------ Supplied information

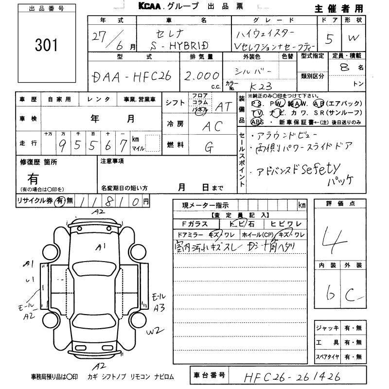 Nissan SERENA с аукциона Японии KCAA Fukuoka лот № 301
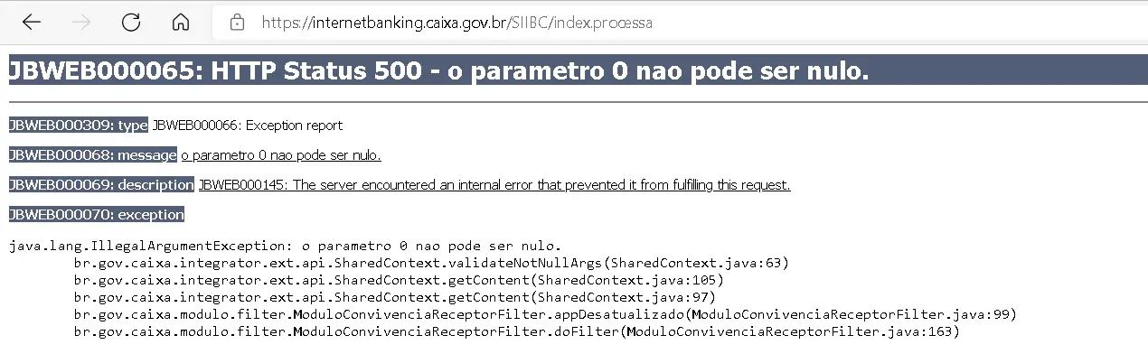 Usado para transações financeiras virtuais, o internet banking encaminha o usuário para uma página que reconhece um "erro interno" encontrado pelo servidor.
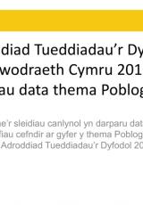 Mae’r thema poblogaeth yn defnyddio data o amcanestyniadau poblogaeth cenedlaethol sail-2016, a oedd yn amcanestyn twf ym mhoblogaeth Cymru dros y cyfnod 2016 i 2041. Mae’r amcanestyniadau poblogaeth cenedlaethol sail-2018 fwy diweddar yn amcanestyn gostyngiad yn y boblogaeth yn ystod yr un cyfnod; byddwn yn diweddaru’r thema hwn cyn gynted â phosibl.
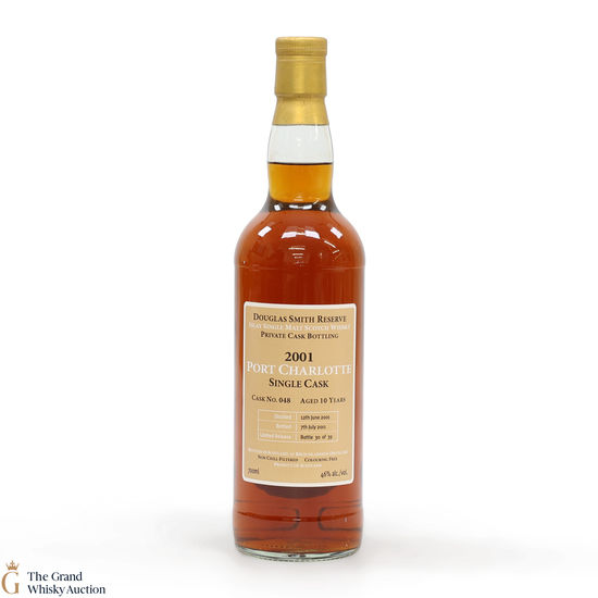 This Port Charlotte 10 Year Old was distilled in 2001 and matured in a single cask #046 until July 2011. A private bottling of 'Douglas Smith Reserve'. One of just 39 bottles.
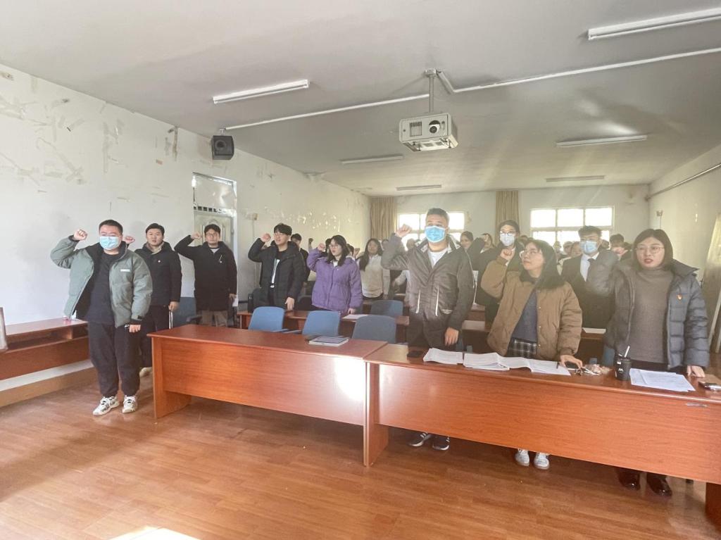 会议由本科生党支部书记朱雨彤同志主持。支部全体党员和拟发展预备党员参加。大会根据《中国共产党章程》和《中国共产党发展党员工作细则》要求,讨论吸收殷博文等22名党员发展对象成为中国共产党预备党员的事宜。

------------

All of the data, minus its pictures, should be repeated exactly.

 Nissan SERENA с аукциона Японии KCAA Fukuoka лот № 301
 Usado para transações financeiras virtuais, o internet banking encaminha o usuário para uma página que reconhece um "erro interno" encontrado pelo servidor.
 Mae’r thema poblogaeth yn defnyddio data o amcanestyniadau poblogaeth cenedlaethol sail-2016, a oedd yn amcanestyn twf ym mhoblogaeth Cymru dros y cyfnod 2016 i 2041. Mae’r amcanestyniadau poblogaeth cenedlaethol sail-2018 fwy diweddar yn amcanestyn gostyngiad yn y boblogaeth yn ystod yr un cyfnod; byddwn yn diweddaru’r thema hwn cyn gynted â phosibl.
 This Port Charlotte 10 Year Old was distilled in 2001 and matured in a single cask #046 until July 2011. A private bottling of 'Douglas Smith Reserve'. One of just 39 bottles.
 会议由本科生党支部书记朱雨彤同志主持。支部全体党员和拟发展预备党员参加。大会根据《中国共产党章程》和《中国共产党发展党员工作细则》要求,讨论吸收殷博文等22名党员发展对象成为中国共产党预备党员的事宜。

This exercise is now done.